Consultation is likely to take some time. So, too, is drafting. In its present incarnation, the PBA assumes that single-employer plans — SEPPs — are paradigmatic; but as I have noted several times, an increasing proportion of plan members is actually enrolled in other types of plans. In its present incarnation, the PBA and regulations are exceedingly detailed but, paradoxically — because of the persistence of common law (contract) and equitable (trust) doctrines — still radically incomplete. Translating the PBA into what amounts to a complete code of pension law that provides for the unique treatment of many kinds of plans will be a formidable task. In its present incarnation, the PBA assigns responsibilities to, and confers powers upon, officials, tribunals and agencies whose titles, functions, mandates and resources will have to change considerably under the new dispensation. To repeat: drafting new legislation is likely to take a long time, especially if it is to be done well.
Finally, the report rests ultimately, if not exclusively, on the ability of some public agency — the Pension Champion? the Ministry of Finance? the Regulator? — to alter the dynamic of Ontario’s pension system by facilitating and encouraging the introduction of new plan designs and practices, and to improve relationships within the pension community by developing better information and analysis, and undertaking more regular and extensive consultations.
All of this could amount to a prescription for delay. However, in my view, delay must be avoided if at all possible. The time for moving ahead is now. The Commission’s engagement with stakeholders was extensive and arguably unprecedented; its research represents a significant increment to previous knowledge —though much remains to be done; its review of the issues is comprehensive in scope, if sometimes controversial; and the issues are ripe for resolution.
Certainly, implementation will need to be staged and transitional measures put in place: pension plans organized and funded on some other basis will need time to adapt to the new requirements; pension professionals will have to refresh their understanding of the system and, in some cases, revise their strategies and routines; and personnel to staff the new agencies will have to be recruited, trained and deployed. And of course, some of the positive outcomes being promoted in the recommendations —innovation in plan design, for example — will take years or decades to become manifest. But these inherent delays provide all the more reason to begin to “get from here to there” as quickly as possible.

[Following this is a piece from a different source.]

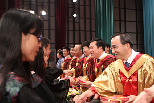 民商经济法院院长王卫国教授代表教师对毕业生表示了祝贺。他表示,大学是实现精神完美,造福社会的过程;大学是学无止境,增长学问、增长人格修养的过程;大学是培育人,对知识产生尊崇感和敬畏感的过程。他希望在座的同学们在离开学校时带着这种尊崇感和敬畏感,不断提升人格修养,不断提升事业成就。并为同学们演唱了《毕业歌》:“同学们,大家起来,担负起天下的兴亡……”。

Recommendation 10-8 — The government should maintain momentum in pension reform by moving as rapidly as possible to determine whether or to what extent it wishes to implement the recommendations in this report. Having established its basic direction, the government should then identify issues for priority treatment. An early priority for the government should be to put in place appropriate agencies and officials who can carry forward the ongoing work of reform.
Recommendation 10-9 — The government should identify recommendations that will require phased implementation as well as transitional measures to allow stakeholders to bring themselves into compliance with the new regulatory regime over some reasonable period of time. However, it should be vigilant to ensure that arguments favouring phased implementation and transitional measures are not used to obstruct reforms that the government believes to be necessary and appropriate.